Reconhecer as
especificidades da realidade do campo por meio do respeito à diversidade
que envolve as populações que vivem em áreas rurais. Este é um dos
objetivos do Grupo de Estudos e Pesquisas Formazon, da Universidade
Federal do Oeste do Pará (Ufopa). Criado a partir da necessidade de
debater a complexidade que envolve a formação de professores para a
educação em áreas rurais, o grupo está ligado ao Instituto de Ciências
da Educação (Iced) e tem caráter interdisciplinar. Há mais de duas
décadas tem-se dedicado a desenvolver pesquisas nessa área, com o que
conquistou a atenção de alunos, professores e pesquisadores.
Criado em 2008, o grupo participa
ativamente de discussões sobre as políticas municipais de educação do
campo e formação de professores. Por meio de estudos e debates oferece
subsídios para reformulação de cursos de formação inicial e continuada
de professores que atuam na educação do campo. Mantém duas linhas de
pesquisa: Formação de Professores e Educação do Campo. Agora, o grupo se
insere no Fórum de Educação do Campo do Baixo Amazonas, criado
recentemente, cuja primeira reunião será no próximo dia 20 de setembro.
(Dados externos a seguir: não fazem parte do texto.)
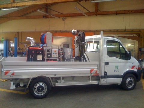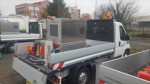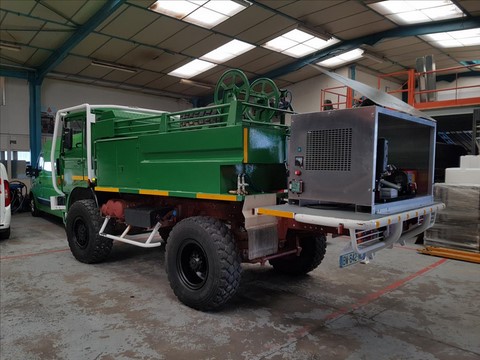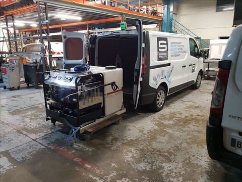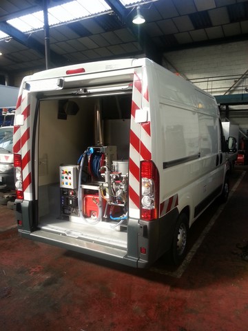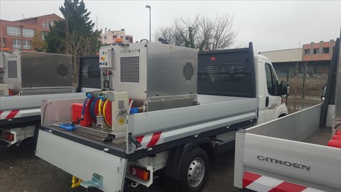 Reaménagement avec modifications d'un véhicule d'intervention pour travaux de décapages, nettoyages: Nettoyeur Haute Pression double Postes eau chaude-350 bars

O Formazon também analisa as práticas
pedagógicas de professores que atuam no meio rural. Tem contribuído
também para a formação de pesquisadores para atuarem nas linhas
pertinentes aos projetos desenvolvidos pelo grupo, além de atuar,
principalmente, na formação de professores para a escola do campo.
Segundo a professora Solange Ximenes (Iced), uma das integrantes do
grupo: “Entendemos que a qualidade da educação está vinculada à melhoria
da formação docente. Nesse sentido várias políticas têm sido pensadas
para a formação de professores objetivando melhor a qualidade dessa
educação, mas ainda é pouco”.
Entre os problemas enfrentados pelos
educadores do campo está a pouca escolarização dos professores. Em
Almeirim, por exemplo, 84% dos professores não possuem graduação. Em
Oriximiná, esse número é de 74,9. A situação é semelhante em todos os
municípios da região do Baixo Amazonas. “Nos últimos estudos que nós
temos realizado, percebemos que o professor desempenha um papel
fundamental na condução das estratégias educacionais. E se ele não
estiver bem informado, isso compromete o processo como um todo”.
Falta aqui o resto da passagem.